Sou extremamente vaidosa. Gosto de estar bem arrumada, fazer as unhas toda semana, andar cheirosa e maquiada.
Me arrumo pra mim mesma, não para os outros. Tenho que cuidar da grande gostosa que sou. Agradeço a Deus e aos meus pais por esculpirem essa obra-prima.
Enquanto escolho minha roupa para o dia, vejo pela janela a chuva castigando a cidade. No noticiário, as imagens me apertam o peito: ruas alagadas, casas destruídas, famílias carregando móveis ensopados, crianças chorando no colo das mães. Dói ver tudo isso e saber que, no fim, pouca coisa vai mudar. O governo só aparece depois que a tragédia já aconteceu. E quem perdeu tudo? Fica no prejuízo e pronto.

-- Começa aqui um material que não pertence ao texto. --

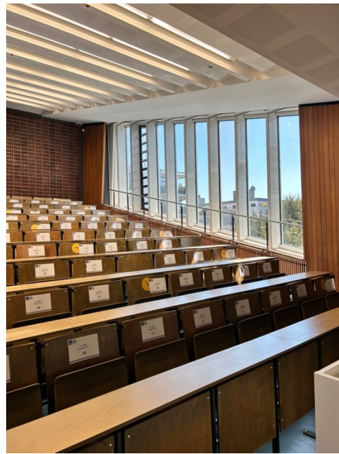
左圖：Main building 的 Bistro ( 賣簡單輕食和甜食居多 )；右圖：講堂教室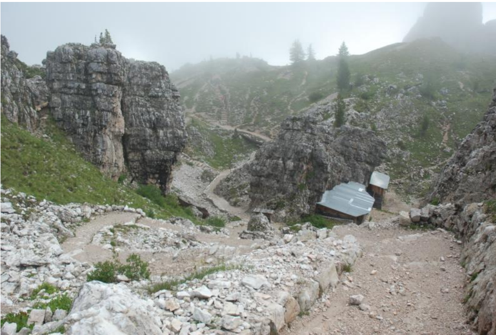
Museo della grande guerra alle 5 Torri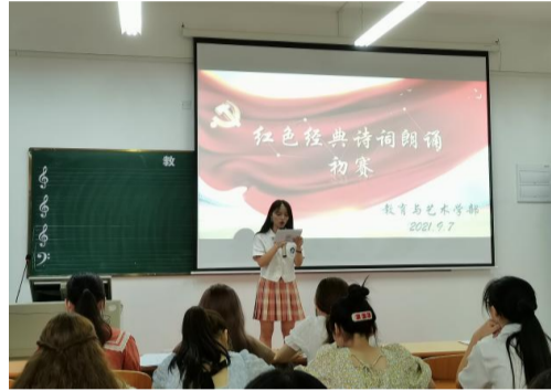
▲教育与艺术学部诗歌朗诵初赛现场

(教育与艺术学部)为弘扬中华优秀传统文化,激发当代大学生对中华诗词的认同与热爱,引导青年学子以诗歌为载体学习感悟百年党史,同时提高同学们的专业技能,营造良好的文化氛围,丰富大学课余生活,2021年9月7日晚18:30,教艺术学部于实验楼一栋406多媒体教室举办红色经典诗词朗诵活动。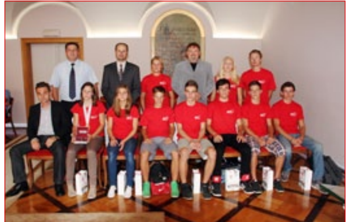
Skupinski posnetek v poročni dvorani; ptujska atletska ekipa v majicah, v katerih so v Daeguju zastopali Ptuj in Slovenijo.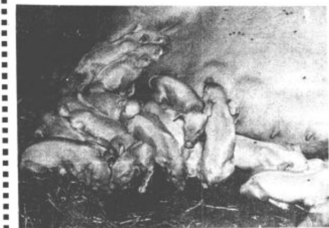
Številni naraščaj ob mami svinji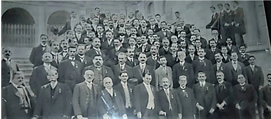
Figura 2. Asistentes al Primer Congreso Venezolano de Medicina, 1911.

de julio de 1811), el III, el centenario de la batalla de Carabobo, el IV: el centenario de la batalla de Ayacucho y el V: el inicio de la presidencia de Juan Vicente Gómez (19 de diciembre de 1908).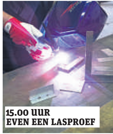
15.00 UUR EVEN EEN LASPROEF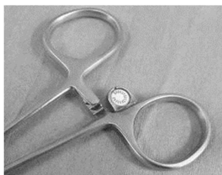
図1 RFID タグ付き手術器械

具体的には、図1に示すような Radiofrequency Identification (RFID) タグを用いて手術器械の使用状況をリアルタイムに取得する。

Respiro fundo. Queria fazer algo, mas como se luta contra a natureza? O máximo que posso fazer é ajudar do jeito que dá e pedir a Deus que proteja os nossos.
Hoje decidi que, depois do trabalho, vou visitar minha mãe no morro. Ela ainda faz faxinas, mesmo sem precisar. Quando falo pra ela parar, ela solta: "Minha filha, isso é pra pagar meu litrão e meu cigarro." E eu só dou risada, porque sei que ninguém manda nela.
Minha marca ainda não tem loja física, então administro tudo do meu escritório e das vendas online. Faço questão de monitorar a fabricação, testando cada creme no meu próprio cabelo antes de aprovar qualquer coisa. No começo foi difícil, mas hoje vivo do jeito que sempre quis, sem depender de ninguém.
Na empresa, a Érika entra na minha sala, segurando algumas embalagens.
- Bom dia, Dona Lorena. Tem uns produtos pra você testar.
- Bom dia, Érika. Manda entregar na minha casa. São os de nutrição, né?
- Sim. E sobre a promoção do Dia dos Namorados, tá indo muito bem!
- Ótimo. Minhas Badgalls têm que ficar maravilhosas!
Hoje também é dia de lançamento da nova linha, inspirada na Amazônia. Vivi essa experiência e foi transformador. Quero que cada pessoa que usar esses produtos sinta essa conexão com a natureza.
Depois do trabalho, fui ao shopping comer um lanche e procurar um macacão novo.
Comprar roupas é minha terapia. Enquanto escolhia um salto alto, Max me ligou.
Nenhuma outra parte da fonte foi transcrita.